62. Mrs W’s final physiotherapy session before the Trust discharged her was on 11 December. The Trust records say she was able to independently move from lying to sitting in bed with the use of a bed lever, and from sitting to standing with her gutter frame. Mrs W could also walk up to 5 metres with supervision and her gutter frame. The Trust had also ordered a bed lever and commode for Mrs W’s home.
63. Our physiotherapy adviser told us there is no guidance which specifies the mobility requirements for a patient to be discharged. However, it is generally accepted that if a patient is able to mobilise short distances, and their environment is set up to allow them to safely transfer and use the toilet, they are safe to be discharged. Mrs W met these criteria, given her recorded progress and the toileting adaptations put in place in her home.

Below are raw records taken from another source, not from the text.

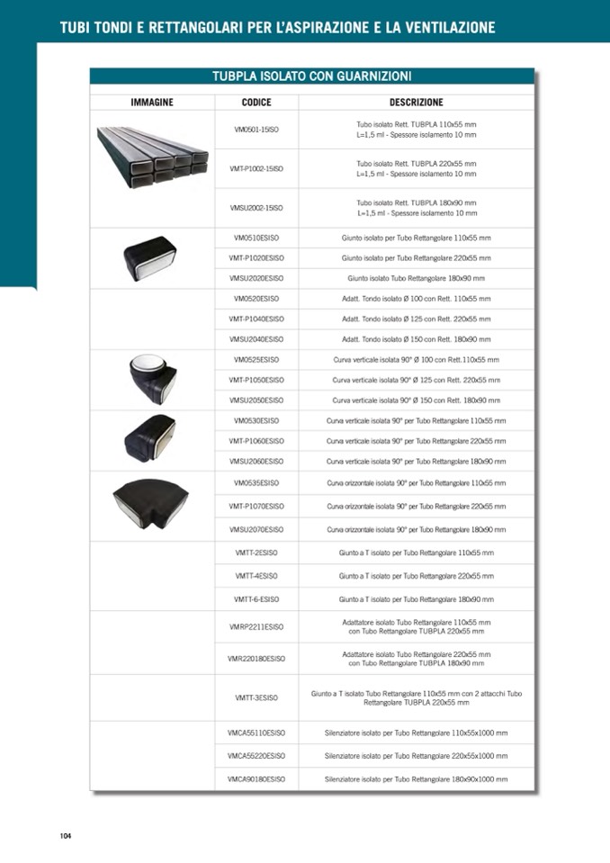 Tubo isolato Rett. TUBPLA 180x90 mm
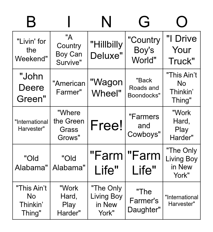 ⚠ This card has duplicate items: "Take Me Home, Country Roads" (2), "International Harvester" (2), "Farm Boy" (2), "This Ain’t No Thinkin’ Thing" (2), "A Country Boy Can Survive" (2), "The Farmer's Daughter" (2), "Hillbilly Deluxe" (2), "Livin' for the Weekend" (2), "I Drive Your Truck" (2), "Work Hard, Play Harder" (2), "Country Boy's World" (2), "Farmers and Cowboys" (2), "Farm Life" (2), "Old Alabama" (2), "Good Time" "Back to the Farm" (2), "The Only Living Boy in New York" (2)
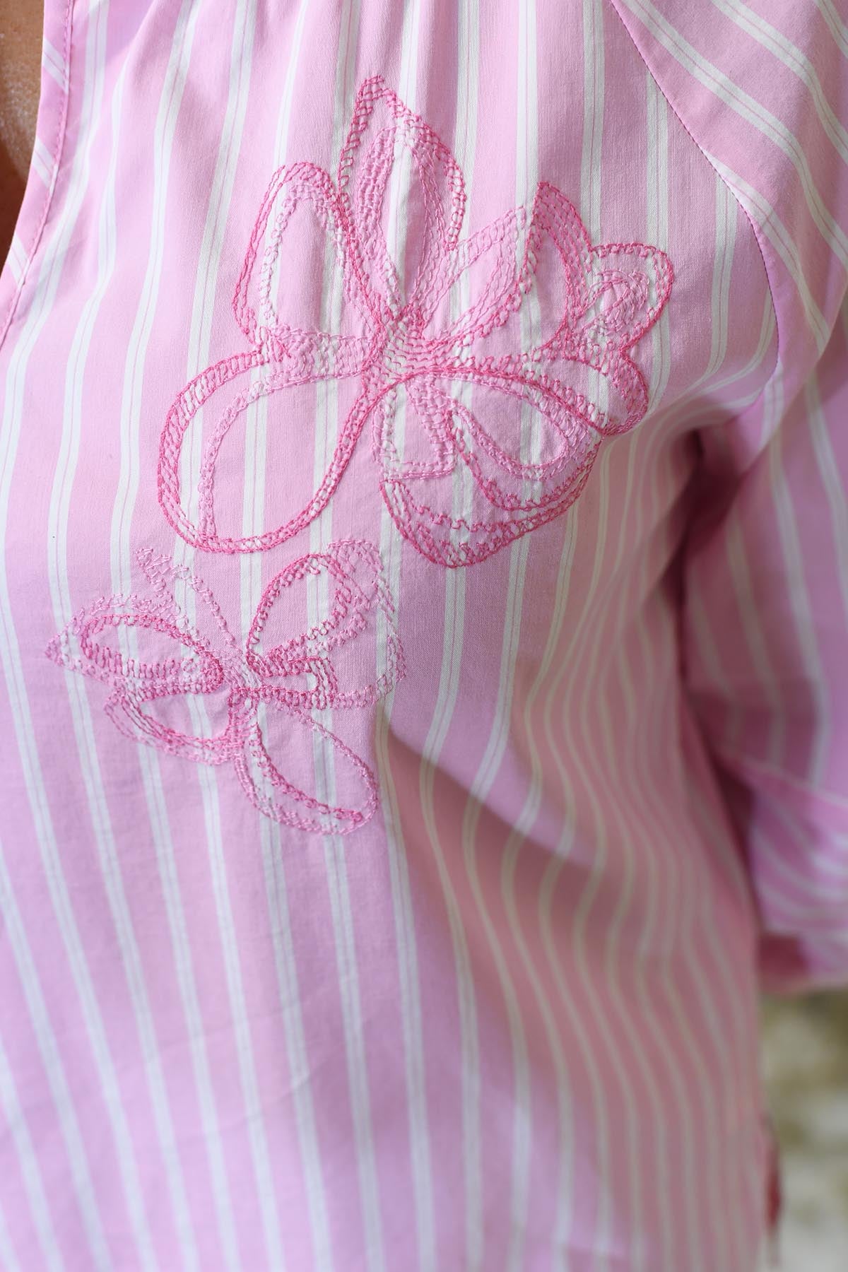 Bianca Baby Pink Pinstripe Blouse With Floral Embroidery- 55006 31 314 Rana
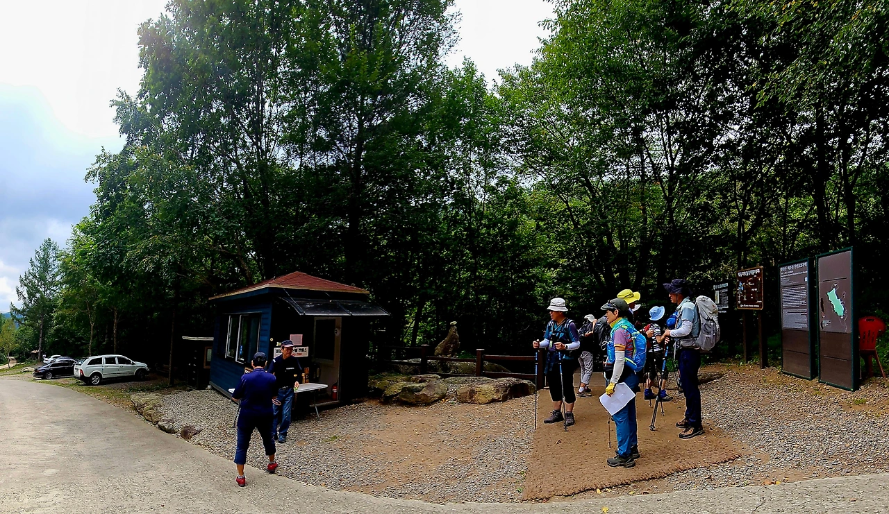 08:30경에 인제군 서화면 서화리 소재 '대암산 용늪 람사르 탐방자 지원센터'에 도착했다. 날은 흐리고 하늘은 잿빛 구름을 잔뜩 머금고 있지만 시계(視界)는 용늪 마을과 마을을 둘러싼 산군의 능선까지 뻗쳐 나간다. 컨테이너 세 개를 모로 세워 이어놓은 듯한 모습의 건물인 지원센터 2층의 사무실로 올라가서 탐방자 인적 사항을 확인했다. 용늪과 대암산은 인제군 생태관광 홈페이지(sum.inje.go.kr)나 양구 생태식물원 홈페이지(www.yg-eco.kr)를 통해 예약을 해야만 탐방이 가능한데, M이 수고롭게 미리 예약을 해두었던 것이다. 오늘 10시 출발 탐방 예약팀은 우리 일행을 포함해 모두 10명으로, 탐방자 리스트를 보니 1948년생 최고령자 1명 외에 나머지 9명은 우리와 나이가 비슷한 동년배들이다.
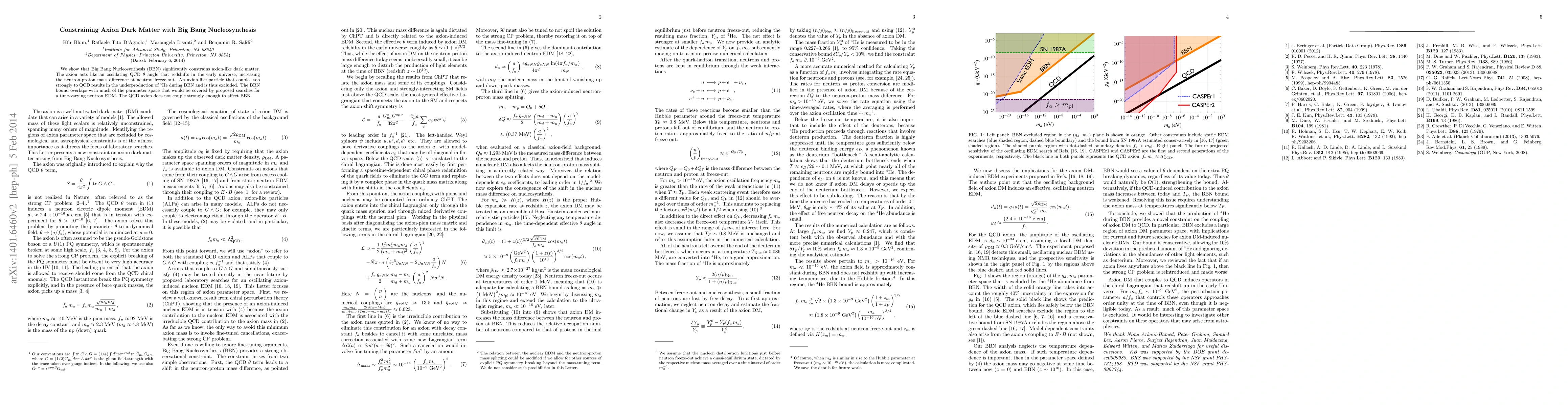 This paper demonstrates that Big Bang Nucleosynthesis (BBN) provides significant constraints on axion-like dark matter, which can alter the neutron-proton mass difference, leading to underproduction of helium-4 (4He) if the axion couples too strongly. The BBN constraints overlap with the parameter space targeted by searches for time-varying neutron electric dipole moments (EDMs).

64. Mr W told us when his wife got home, she could not mobilise as the Trust told him she could. The Trust records say Mrs W could do this at the point at which the Trust discharged her. We recognise Mrs W’s mobility may have deteriorated following her going home, and this would have been concerning for Mr W.
65. Discharge guidance says, ‘NHS bodies and local authorities should ensure that, where appropriate, unpaid carers and family members are involved in discharge decisions.’
66. Our physiotherapy adviser told us the Trust should have made Mr W aware his wife’s mobility was fluctuating, and it was possible she may deteriorate again. There is no evidence in the Trust records that the Trust explained this to Mr W as it should have.
67. When we have seen something has gone wrong, we need to consider if what happened fell so far short of what should have happened that it amounts to an indication of a failing. There is no way for us to know with any certainty what would have happened differently in terms of Mrs W’s care if the Trust had this conversation with her husband. It is important for us to note that Mrs W would have been aware of the fluctuations in her own mobility during her admission, and declined a package of care at home in this knowledge. As we previously determined, Mrs W had the capacity to make this decision.
68. We consider that if the Trust did have this conversation with Mr W as it should have, this more likely than not would not have changed the position he and his wife were in, in terms of her care and support at home. We do not consider that this lack of communication, in these circumstances, amounts to an indication of a failing. We will therefore not consider this aspect of the complaint any further.
69. This concludes our consideration of Mr W’s complaint. We thank Mr W for bringing us his concerns, and hope our work provides him with some reassurances.